### EXERCISE AIM
Below are the records. Retype exactly the lines between the lines holding "Park Maaïke Kerrebroeck | Brugge" and "Универсальная платформа с", inclusive.

INPUT MATERIAL below:

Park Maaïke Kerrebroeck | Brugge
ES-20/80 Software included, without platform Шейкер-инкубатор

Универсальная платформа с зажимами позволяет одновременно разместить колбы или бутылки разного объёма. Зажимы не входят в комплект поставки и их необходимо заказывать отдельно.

End of INPUT MATERIAL.
INPUT MATERIAL below:

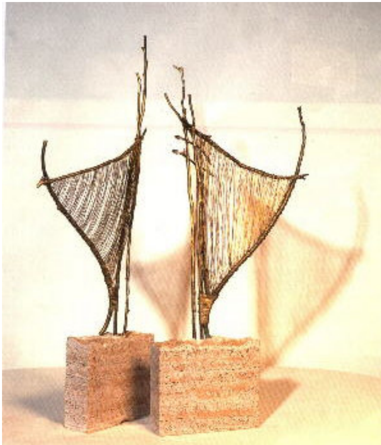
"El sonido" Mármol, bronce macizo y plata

End of INPUT MATERIAL.

### EXERCISE OUTPUT
Park Maaïke Kerrebroeck | Brugge
ES-20/80 Software included, without platform Шейкер-инкубатор

Универсальная платформа с зажимами позволяет одновременно разместить колбы или бутылки разного объёма. Зажимы не входят в комплект поставки и их необходимо заказывать отдельно.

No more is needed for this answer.